_Exercise requirements_:
Please give the lines below again exactly as they stand, from the one that contains "التخييم في سيارته." up to and including the one that contains "Средство для прочистки", leaving all pictures out.

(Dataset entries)
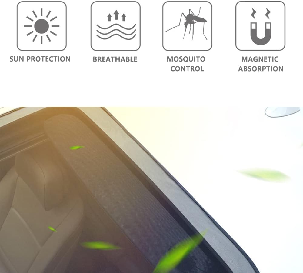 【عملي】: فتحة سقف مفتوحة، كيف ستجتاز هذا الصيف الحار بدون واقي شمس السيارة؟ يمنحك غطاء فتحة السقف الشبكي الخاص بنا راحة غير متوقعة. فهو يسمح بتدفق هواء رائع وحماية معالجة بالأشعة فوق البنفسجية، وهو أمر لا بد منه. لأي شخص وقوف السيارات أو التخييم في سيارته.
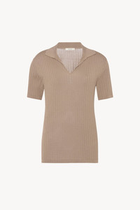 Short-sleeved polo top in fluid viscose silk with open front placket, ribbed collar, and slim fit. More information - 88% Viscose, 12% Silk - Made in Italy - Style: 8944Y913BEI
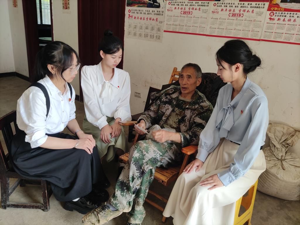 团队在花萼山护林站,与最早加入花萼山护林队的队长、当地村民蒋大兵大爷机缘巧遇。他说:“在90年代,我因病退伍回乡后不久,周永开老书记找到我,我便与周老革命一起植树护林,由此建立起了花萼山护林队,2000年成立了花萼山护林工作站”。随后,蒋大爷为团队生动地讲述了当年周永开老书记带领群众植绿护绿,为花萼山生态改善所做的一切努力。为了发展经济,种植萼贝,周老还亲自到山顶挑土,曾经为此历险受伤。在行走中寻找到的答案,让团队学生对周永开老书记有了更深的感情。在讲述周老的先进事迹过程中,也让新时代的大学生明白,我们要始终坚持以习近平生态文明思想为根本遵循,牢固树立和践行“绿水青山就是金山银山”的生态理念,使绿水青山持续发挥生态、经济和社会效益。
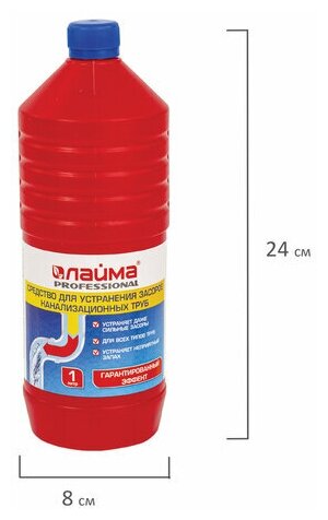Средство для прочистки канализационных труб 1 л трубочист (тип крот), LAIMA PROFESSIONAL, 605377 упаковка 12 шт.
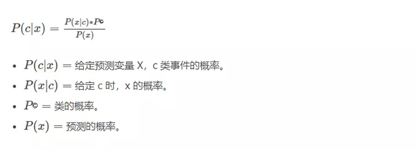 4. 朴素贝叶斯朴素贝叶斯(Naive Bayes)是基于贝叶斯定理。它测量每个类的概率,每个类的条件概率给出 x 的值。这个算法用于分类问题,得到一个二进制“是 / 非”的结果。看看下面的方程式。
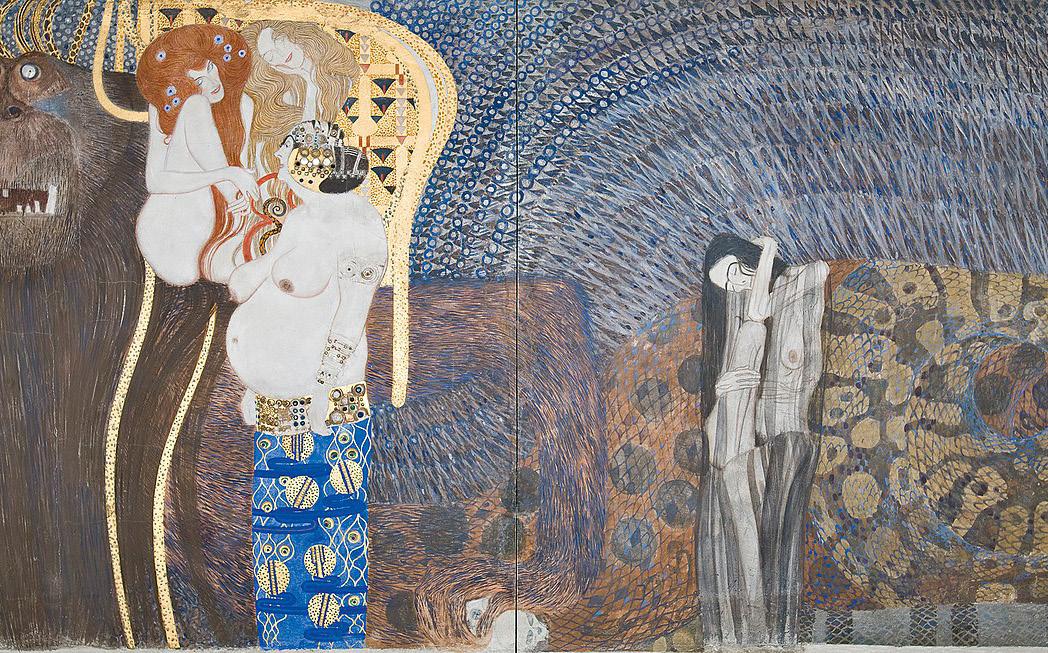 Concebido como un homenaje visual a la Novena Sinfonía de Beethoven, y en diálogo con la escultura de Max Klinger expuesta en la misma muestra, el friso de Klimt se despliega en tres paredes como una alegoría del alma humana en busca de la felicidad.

...

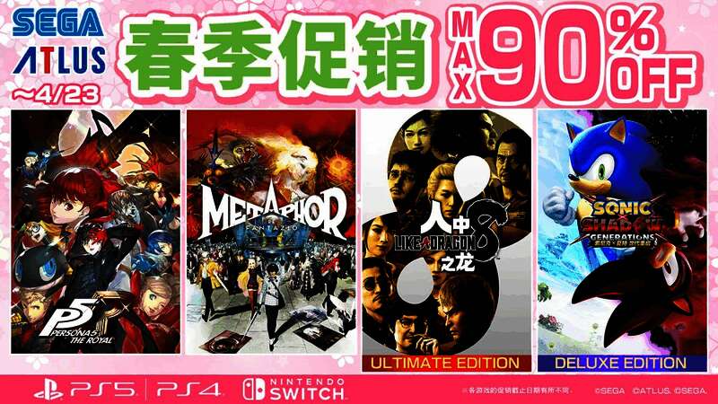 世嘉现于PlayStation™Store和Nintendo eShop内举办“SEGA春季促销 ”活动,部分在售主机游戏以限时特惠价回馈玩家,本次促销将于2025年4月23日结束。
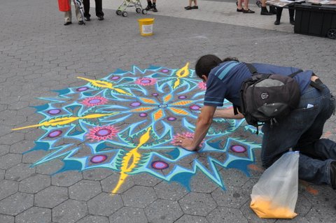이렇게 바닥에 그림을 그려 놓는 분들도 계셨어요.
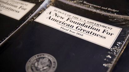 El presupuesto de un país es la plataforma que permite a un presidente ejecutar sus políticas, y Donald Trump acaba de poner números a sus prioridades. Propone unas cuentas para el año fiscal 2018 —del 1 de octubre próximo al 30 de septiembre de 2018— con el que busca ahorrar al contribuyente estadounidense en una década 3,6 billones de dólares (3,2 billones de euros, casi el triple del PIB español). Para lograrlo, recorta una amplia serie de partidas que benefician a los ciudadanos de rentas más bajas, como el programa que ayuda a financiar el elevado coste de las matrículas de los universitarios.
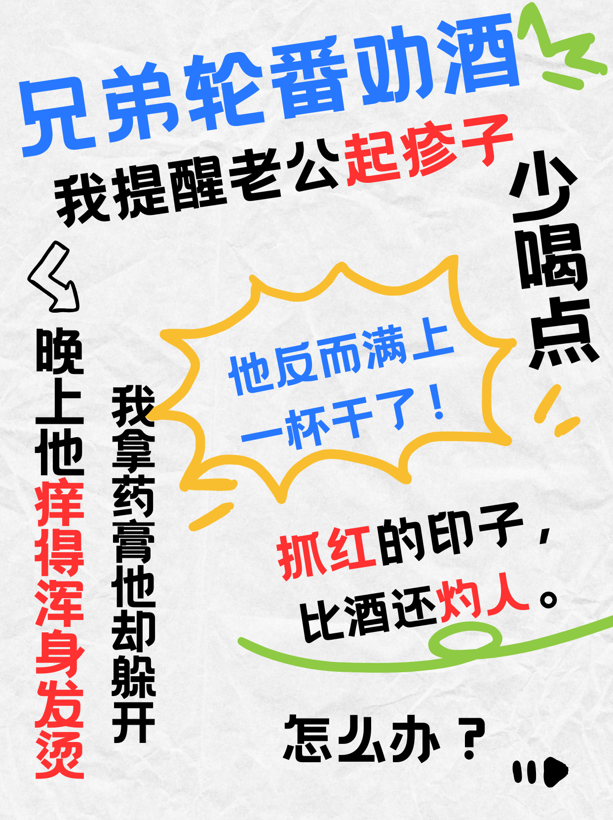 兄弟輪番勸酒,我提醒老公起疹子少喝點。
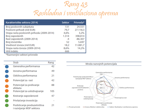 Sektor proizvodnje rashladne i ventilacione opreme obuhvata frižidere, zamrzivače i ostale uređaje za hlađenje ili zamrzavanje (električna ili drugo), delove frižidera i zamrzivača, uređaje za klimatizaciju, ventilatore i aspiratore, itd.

_Expected output_:
 【عملي】: فتحة سقف مفتوحة، كيف ستجتاز هذا الصيف الحار بدون واقي شمس السيارة؟ يمنحك غطاء فتحة السقف الشبكي الخاص بنا راحة غير متوقعة. فهو يسمح بتدفق هواء رائع وحماية معالجة بالأشعة فوق البنفسجية، وهو أمر لا بد منه. لأي شخص وقوف السيارات أو التخييم في سيارته.
 Short-sleeved polo top in fluid viscose silk with open front placket, ribbed collar, and slim fit. More information - 88% Viscose, 12% Silk - Made in Italy - Style: 8944Y913BEI
 团队在花萼山护林站,与最早加入花萼山护林队的队长、当地村民蒋大兵大爷机缘巧遇。他说:“在90年代,我因病退伍回乡后不久,周永开老书记找到我,我便与周老革命一起植树护林,由此建立起了花萼山护林队,2000年成立了花萼山护林工作站”。随后,蒋大爷为团队生动地讲述了当年周永开老书记带领群众植绿护绿,为花萼山生态改善所做的一切努力。为了发展经济,种植萼贝,周老还亲自到山顶挑土,曾经为此历险受伤。在行走中寻找到的答案,让团队学生对周永开老书记有了更深的感情。在讲述周老的先进事迹过程中,也让新时代的大学生明白,我们要始终坚持以习近平生态文明思想为根本遵循,牢固树立和践行“绿水青山就是金山银山”的生态理念,使绿水青山持续发挥生态、经济和社会效益。
Средство для прочистки канализационных труб 1 л трубочист (тип крот), LAIMA PROFESSIONAL, 605377 упаковка 12 шт.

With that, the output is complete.